The Supreme Court decision
Importantly, the Supreme Court did not rule that the deduction of interest accrued on a loan taken out to finance a capital reduction or a dividend distribution must always be rejected. It rather affirmed that interest on such loan may qualify as deductible business expenses provided that the company proves that the conditions for the application of Article 49 of the Belgian income tax code (“BITC”) are met, i.e., that the interest charges have been borne or incurred for the purpose of obtaining or retaining taxable income. The Supreme Court also explicitly confirms that there is no rule that automatically allows for the deduction of interest and that, by verifying that the condition of intentionality was met, the appellate judges did not proceed to a forbidden “opportunity test” of the operating costs. The Supreme Court further clarifies that it is the interest charges that must meet the conditions of Article 49 BITC and not the capital reduction or the dividend distribution itself.
The commented decision thus confirms that, as with every business expense, interest expenses must meet the “purpose condition” in order to be tax deductible and the burden of that proof rests with the taxpayer. In that regard, expenses generally related to the existence and operation of the company, such as capital reduction and dividend distribution, are not necessarily deductible professional expenses. It is up to the company to demonstrate that the interest expenses were meant to obtain or maintain taxable income, for instance because it allowed the company to preserve the assets used to generate taxable income.

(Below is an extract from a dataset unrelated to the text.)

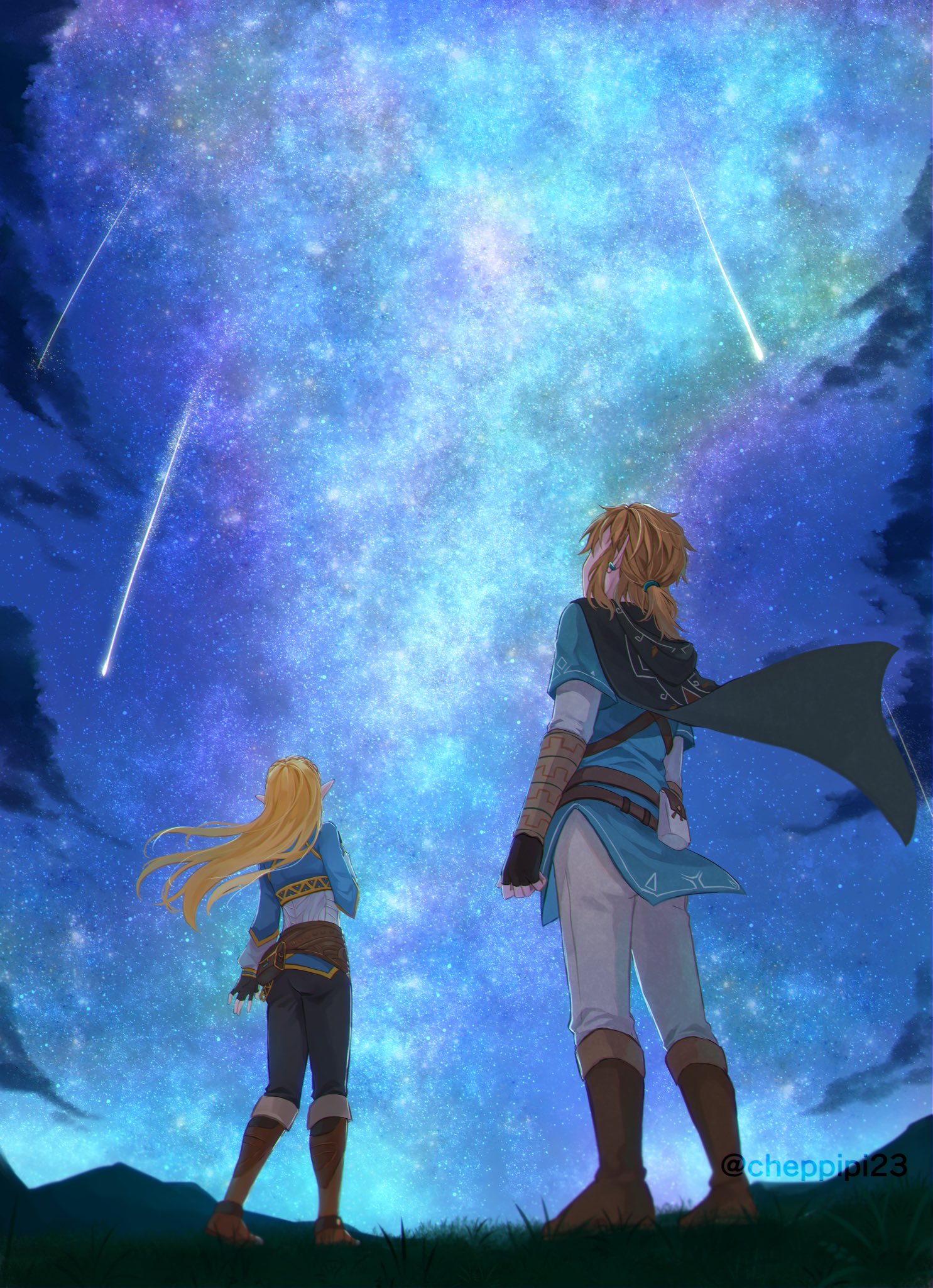 1boy 1girl aurora black_pants blonde_hair blue_shirt blue_tunic boots brown_footwear cape earrings facing_away fingerless_gloves from_above from_behind full_body gloves grass highres jewelry link long_hair looking_up low_poly medium_hair night nintendo outdoors pants pointy_ears princess_zelda shirt shooting_star sidelocks sky standing the_legend_of_zelda the_legend_of_zelda:_breath_of_the_wild tree tunic white_pants white_shirt yayoi_(chepiiii23)
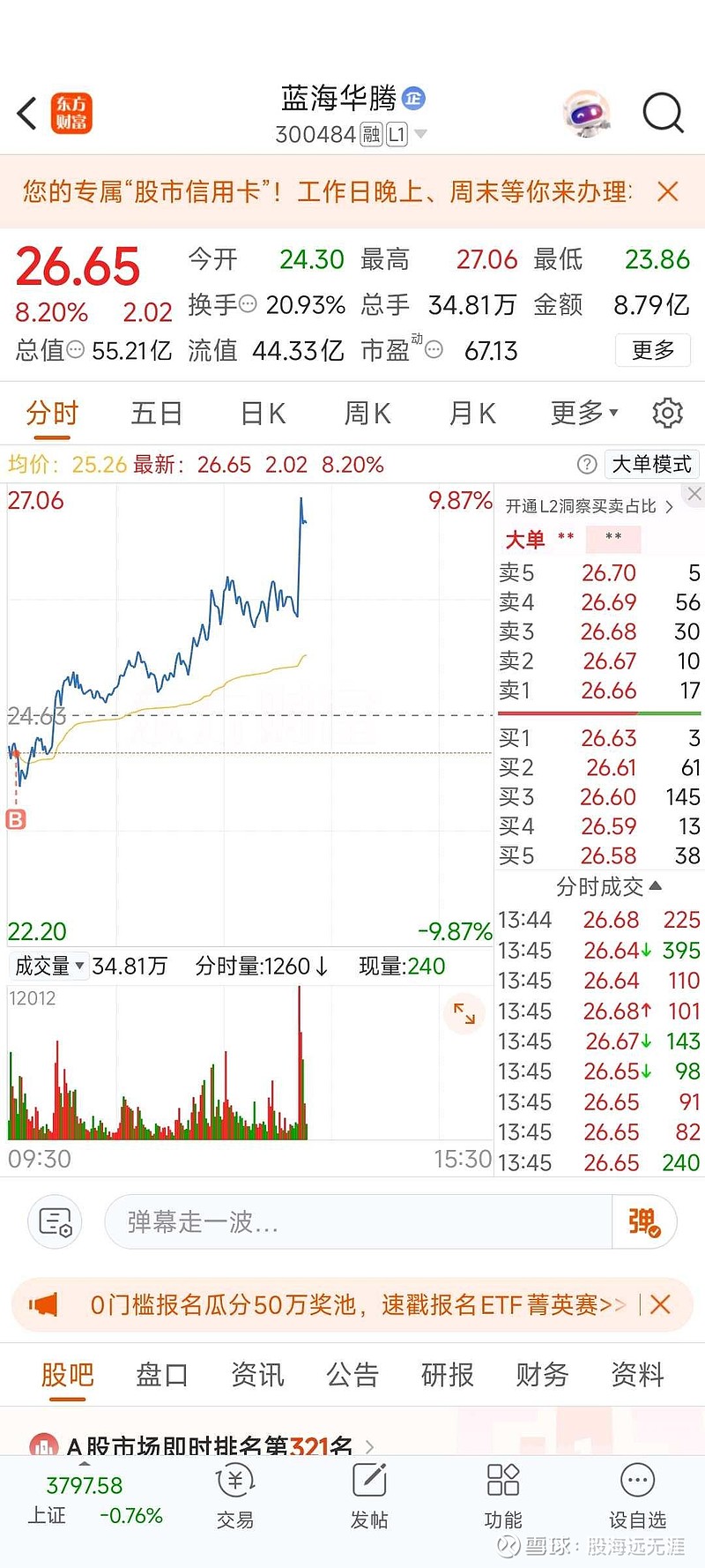 $蓝海华腾(SZ300484)$

Interestingly, the Supreme Court further states that it is however not sufficient that the company does not have sufficient liquidity at the time that it has to make the payment in execution of the shareholders’ decision to reduce the capital or distribute a dividend. One could have thought that, absent sufficient liquidity, the operation would have necessarily entailed the loss of the company’s assets and that, therefore, the evidence that the company had no sufficient liquidity would per se involve that the loan was taken out in order to avoid the divestment of income-generating assets. As mentioned, the decision at hand validated the contrary: the insufficient level of liquidity does not imply that the costs associated with the loan taken out to compensate for that lack of liquidity have necessarily been incurred in order to obtain or maintain taxable income. Even though it is not disputed that Nyrstar did not have sufficient liquidity at the moment of the operation, the Court of Appeal thus held that “the company does not, however, provide evidence that the loan was actually entered into with a view to obtaining or maintaining its assets and that, consequently, the interest charges were incurred or borne with a view to obtaining or maintaining taxable income from these assets”. This statement seems to indicate that the company's explanation that the loan was actually used to maintain income-producing assets was insufficient, and that it is the prior intent to do so that should be supported by evidence.

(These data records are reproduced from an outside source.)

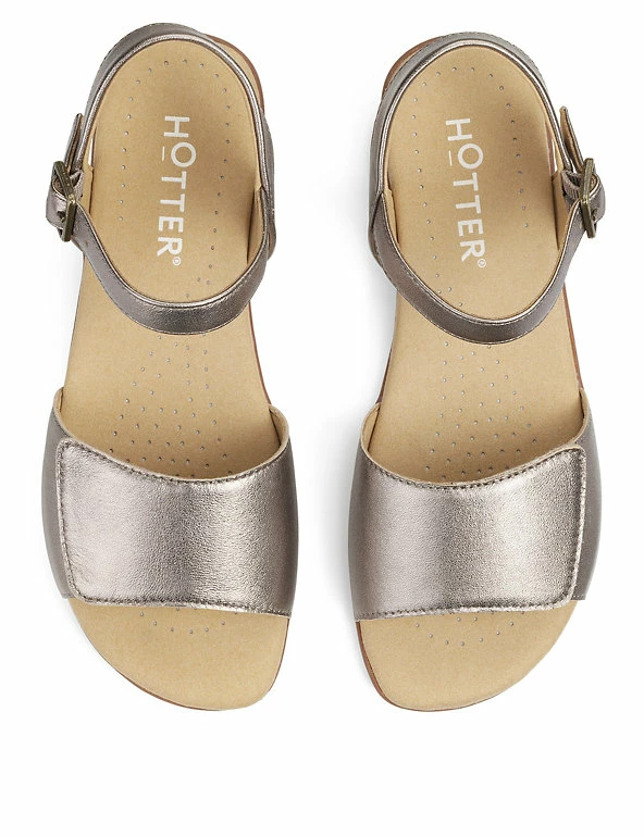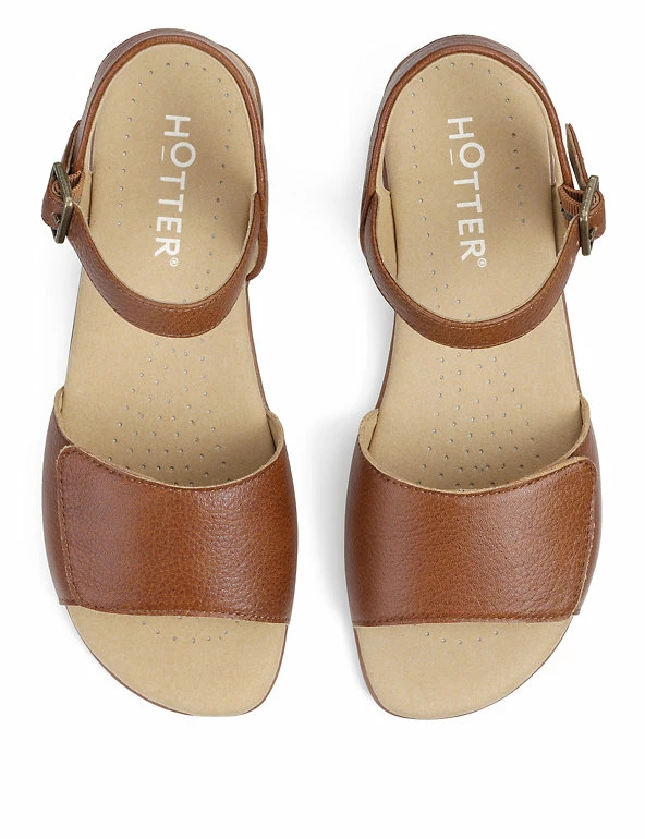 Add an elegant finish to any look with these leather sandals from Hotter. This open-toe design is crafted in a regular fit, with a low wedge heel for everyday comfort. A riptape fastening means you can adjust the fit, while a buckle strap around the ankle adds a smart finish.
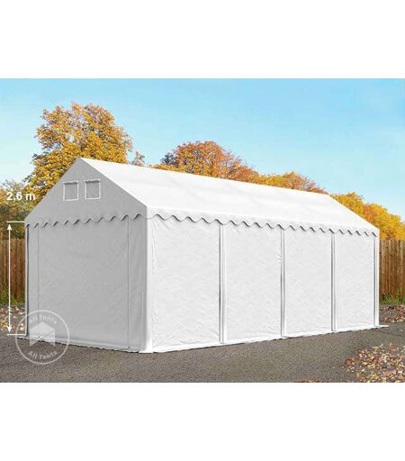 3x8m storage tent, PVC, white, w. ground bar, incl. statics package (concrete anchors): Looking for a dry, secure space for your vehicles, machinery, boats, or other materials, ideally all year round? Our TOOLPORT [product_line] storage tent in [colour], with dimensions of 3x8m, provides the perfect solution! The reinforced frame, constructed from fully galvanised steel poles (inside and out), ensures optimal protection against corrosion and rust, while being impact- and scratch-resistant. The robust design also features two zip gates, offering wide and accessible entrance points for easy access. The PVC tarpaulin, made from PVC, is tear-resistant, weatherproof, and durable, safeguarding your items against the elements. For added security, the storage shelter is available with an optional safety static set to meet your specific requirements. With a height of [product_height] and a weight of [product_weight], this multi-purpose storage tent is designed for quick and flexible assembly and dismantling. It’s also easy to extend and requires no foundation. ...
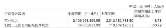 2023年中期财报显示,报告期内,公司实现营业总收入21.10亿元,同比减少8.75%;归母净利润5438.09万元,同比大跌50.79%。
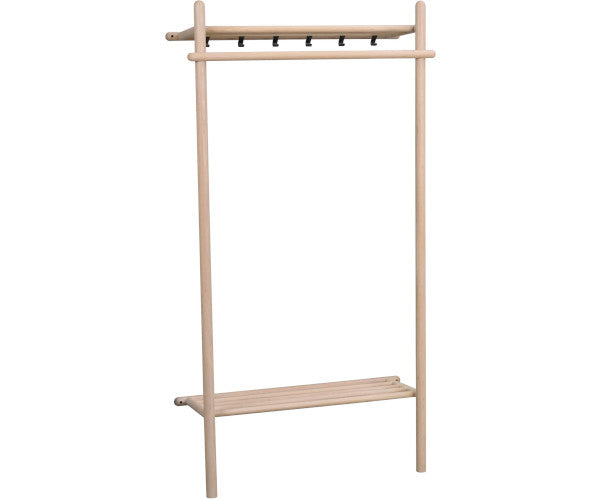 Rowico Home Milford garderobestativ i hvidpigmenteret egetræ. Milford er et tøjstativ, der passer perfekt i gangen eller soveværelset til pæn og praktisk opbevaring. Milford garderobestativet er lavet af FSC-certificeret massiv drejet egetræ. Stativet giver dig både knager, bøjlestang, hattehylde og skohylde og placeres nemt op af væggen. Rowico Milford garderobestativ – lys eg Materiale: Massiv FSC-certificeret egetræ med hvidpigmenteret finish.Mål: Højde 181 cm x Bredde 91 cm x Dybde 39 cm.
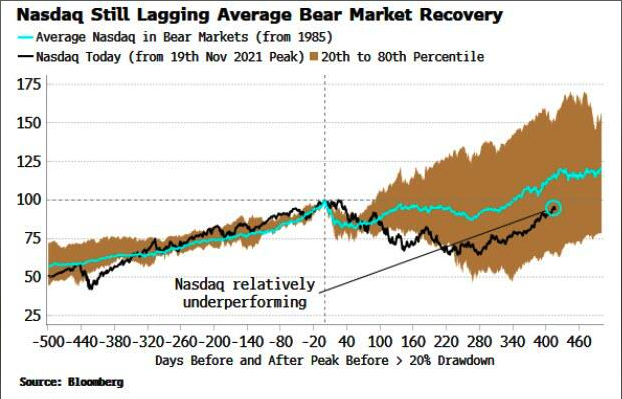 Nasdaq is still lagging the average bear market recovery performance, per Bloomberg

Moreover, the Supreme Court confirms that the ruling of the appellate judges holding that the company does not demonstrate any intention to obtain or retain taxable income, does not necessarily imply that it should be the only intent. Paradoxically, the Court also validates that the appeal judges only required the evidence of a necessary link between the borrowing cost and the acquisition or retention of taxable income, and did not expect evidence of a subjective intent on the part of the claimant. That apparent contradiction may be appreciated in light of the Court of Appeal’s decision, according to which it could have been sufficient that the actual intention to obtain or maintain taxable income was demonstrated and not that actual income was obtained or retained by taking out the loan. In that context, the appellate judges ruled that “considering the financial importance of the loan and the related interest charges, it was at least advisable to document the alleged intention to obtain or retain taxable income. The documents at hand are extremely insufficient in this case to prove this actual intention”.
In view of the above, Nyrstar’s argument that, absent sufficient liquidity, interest on a loan taken out with a view to avoid the divestment of income-producing assets is tax deductible, could have been upheld by the courts had the company been able to demonstrate, on the basis of documentary evidence, that that was indeed its prior intention.
Key takeaway
The decision of the Supreme Court, validating the legality of the decision of the Court of Appeal, confirms that the tax deductibility of interest expenses related to a capital reduction or a dividend distribution is a matter of fact. As with every business expense, it is up to the taxpayer to prove that such borrowing cost is borne or incurred in order to generate or preserve taxable income. In verifying the existence of such evidence, courts will not proceed to a forbidden opportunity test. It is therefore crucial for companies contemplating leveraged equity refinancing operations to thoroughly document, in the relevant corporate documentation, that the loan is taken out with specific intent to obtain or retain taxable income, be it by avoiding the sale or distribution in kind of income-generating assets. Precisely documenting the purpose of the loan will probably not prevent in all cases a challenge of the deductibility of the related interest by the tax authorities, but it should be sufficient to convince the courts that the purpose condition of Article 49 BITC is met.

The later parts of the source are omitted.